The greatest generalization
World War I vs. World War II
by Neil Anderson

once asked my granddad what he remembered of the Great War. "Nothing," he said, "except the cocksucking Frog who shook my hand on Armistice Day and said, 'Merci, m'sieur, and please come again next time.'"

In fairness to history – and to the French – I made that story up. But it makes a larger point. Compared to the Great War, World War II sucked. In the United States, the Great War, now known more commonly as World War I, has fared rather less well in memory than World War II.

The end of WWI was a confusing, depressing mess, with ineffectual results like the League of Nations and the Weimar Republic. The end of WWII was a resounding triumph, with clear results like the less obviously ineffectual United Nations, and a bitter, decades-long cold war.

Middle-aged American men who feel rather embarrassed about having never experienced war first-hand, such as Tom Brokaw and Stephen Ambrose, like to assuage their guilt by paying sycophantic homage to WWII veterans. Such panegyrics, besides being stupid, also miss the larger point that almost everything worthwhile in 20th-century culture springs from WWI, not WWII.

Take literature. At first glance, this might seem like a dead heat, with Robert Graves’ "Goodbye to All That," Erich Remarque’s "All Quiet on the Western Front," Humphrey Cobb’s "Paths of Glory" and even Hemingway’s "A Farewell to Arms" on the one hand, and Gore Vidal’s "Williwaw," John Horne Burnes’ "The Gallery" and Richard Matheson’s "The Beardless Warriors" on the other.

But the three WWII novels, while excellent in themselves, in fact serve as ironic demonstrations of the declining standards of the American reading public. All three are virtually forgotten today.

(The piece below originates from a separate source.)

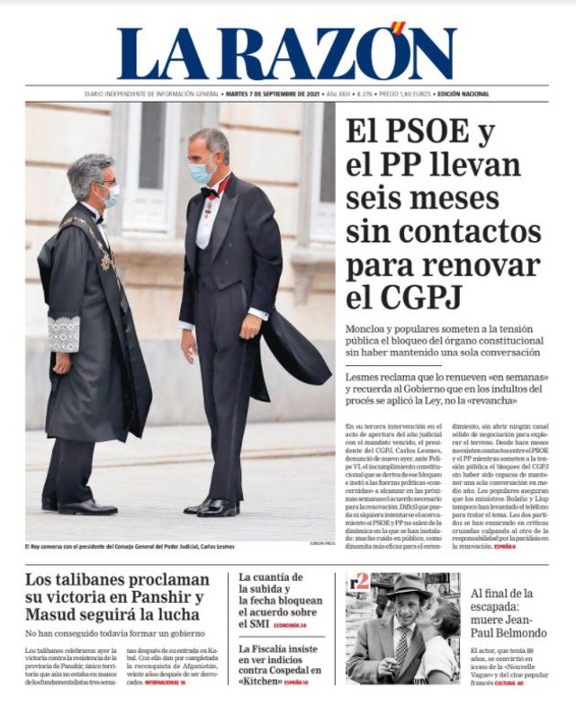 LA RAZÓN: "El PSOE y el PP llevan seis meses sin contactos para renovar el CGPJ"; "Los talibanes proclaman su victoria en Panshir y Masud seguirá la lucha"; "La cuantía de la subida y la fecha bloquean el acuerdo sobre el SMI"; "La Fiscalía insiste en ver indicios contra Cospedal en 'Kitchen'"; "Al fi nal de la escapada: muere Jean-Paul Belmondo".

Vidal’s book is an effective war novel that, almost in passing, parodies Hemingway’s style so effectively that no intelligent person, after reading it, could ever take Hemingway seriously. Burnes’ book celebrates the people of Italy, one of the nations with which we were at war. Matheson’s book focuses on the teen-agers who served as human sacrifices on the European front. The first two books are out of print, and the last only made it back in print last year, after a decades-long interval. In short, the novels have not found the audience they deserve.

The most famous novels of WWII are Norman Mailer’s "The Naked and the Dead," James Jones’ "From Here To Eternity," Joseph Heller’s "Catch-22," Thomas Pynchon’s "Gravity’s Rainbow" and Kurt Vonnegut’s "Slaughterhouse Five" – a quintet of bombastic, self-aggrandizing, really bad books.

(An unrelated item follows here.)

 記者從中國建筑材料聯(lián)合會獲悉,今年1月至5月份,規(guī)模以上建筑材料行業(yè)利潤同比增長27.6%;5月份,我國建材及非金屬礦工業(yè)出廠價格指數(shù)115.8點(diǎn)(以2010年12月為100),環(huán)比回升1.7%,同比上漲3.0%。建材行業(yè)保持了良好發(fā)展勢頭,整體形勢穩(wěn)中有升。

Heller, the worst offender (Pynchon escapes this distinction only because so few manage to read his book), actually lifts his most famous scene from R.C. Sherriff’s play, "Journey’s End," written in – wait for it – 1928. That example is the most devastating rejoinder to anyone who claims that any of these five novelists broke new ground: they didn’t, they just dressed up old stories in the trappings of authorial self-indulgence.

And then there was music. In the aftermath of WWI, it was difficult to pretend that the war had accomplished anything besides the needless deaths of millions of people. There was a lot to be depressed about. The American response was to create that most joyous of music forms, jazz.

Louis Armstrong, Duke Ellington, Fats Waller, Bix Beiderbecke and Bing Crosby all successfully drowned genuine sorrow in genuine cheer. They created danceable songs with a poignant undertow.

Their WWII successors – Miles Davis, Charlie Parker, John Coltrane and Frank Sinatra – drowned the false euphoria at the end of WWII in all-too-genuine self-pity. Modern man, after WWII, was much more of a depressed narcissist than he had been formerly, and popular culture was all too eager to pander to him.

And finally, there was poetry. The case for WWI poetry is so strong that all it requires is a listing of its greatest poets: Wilfred Owen, Siegfried Sassoon, Robert Graves, Rupert Brooke, Edmund Blunden.

WWII’s greatest poets? Roy Fuller? Alan Ross? Sidney Keyes? Mercifully, I'll go no further.

To would-be adulators of the same ilk as Brokaw and Ambrose, I ask that they consider before compounding their sins, the virtues of subtlety, wit, intelligence and, above all, having the compassion to prefer – all things being equal – not to bore one’s audience.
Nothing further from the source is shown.